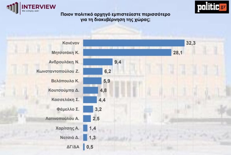 Στην ερώτηση για τον πολιτικό αρχηγό που εμπιστεύονται περισσότερο για τη διακυβέρνηση, προηγείται η απάντηση «Κανένας» με 32,3%, ακολουθούμενη από τον Κυριάκο Μητσοτάκη με 28,1%, τον Νίκο Ανδρουλάκη με 9,4%, τη Ζωή Κωνσταντοπούλου με 6,2%, τον Κυριάκο Βελόπουλο με 5,9% και τον Δημήτρη Κουτσούμπα με 4,8%. Ο Στέφανος Κασσελάκης συγκεντρώνει 4,4%, ενώ η κατάταξη συνεχίζεται με τον Σωκράτη Φάμελλο (3,2%), την Αφροδίτη Λατινοπούλου (2,5%), τον Αλέξη Χαρίτση (1,4%) και τον Δημήτρη Νατσιό (1,3%).
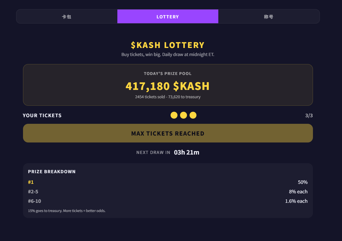 - 市场中顶部选“LOTTERT”是个彩票功能,使用KASH购买,每天可以购买3次,不过每天只能有10人中奖,如果不是运气特别好的,不太建议购买
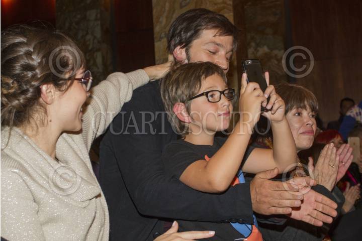 MÉXICO, D.F., 13ENERO2016.- La actriz Camila Soda, así como Diego y María Luna, hijos del escenógrafo Alejandro Luna Ledesma, durante la ceremonia donde éste recibió la medalla Bellas Artes por su contribución al desarrollo de las artes escénicas en México, en la Sala Manuel M. Ponce del Palacio de Bellas Artes. FOTO: ISAAC ESQUIVEL /CUARTOSCURO.COM

* Exercise
Hand back the data above exactly, leaving out all pictures.

* Solved problem
 Στην ερώτηση για τον πολιτικό αρχηγό που εμπιστεύονται περισσότερο για τη διακυβέρνηση, προηγείται η απάντηση «Κανένας» με 32,3%, ακολουθούμενη από τον Κυριάκο Μητσοτάκη με 28,1%, τον Νίκο Ανδρουλάκη με 9,4%, τη Ζωή Κωνσταντοπούλου με 6,2%, τον Κυριάκο Βελόπουλο με 5,9% και τον Δημήτρη Κουτσούμπα με 4,8%. Ο Στέφανος Κασσελάκης συγκεντρώνει 4,4%, ενώ η κατάταξη συνεχίζεται με τον Σωκράτη Φάμελλο (3,2%), την Αφροδίτη Λατινοπούλου (2,5%), τον Αλέξη Χαρίτση (1,4%) και τον Δημήτρη Νατσιό (1,3%).
 - 市场中顶部选“LOTTERT”是个彩票功能,使用KASH购买,每天可以购买3次,不过每天只能有10人中奖,如果不是运气特别好的,不太建议购买
 MÉXICO, D.F., 13ENERO2016.- La actriz Camila Soda, así como Diego y María Luna, hijos del escenógrafo Alejandro Luna Ledesma, durante la ceremonia donde éste recibió la medalla Bellas Artes por su contribución al desarrollo de las artes escénicas en México, en la Sala Manuel M. Ponce del Palacio de Bellas Artes. FOTO: ISAAC ESQUIVEL /CUARTOSCURO.COM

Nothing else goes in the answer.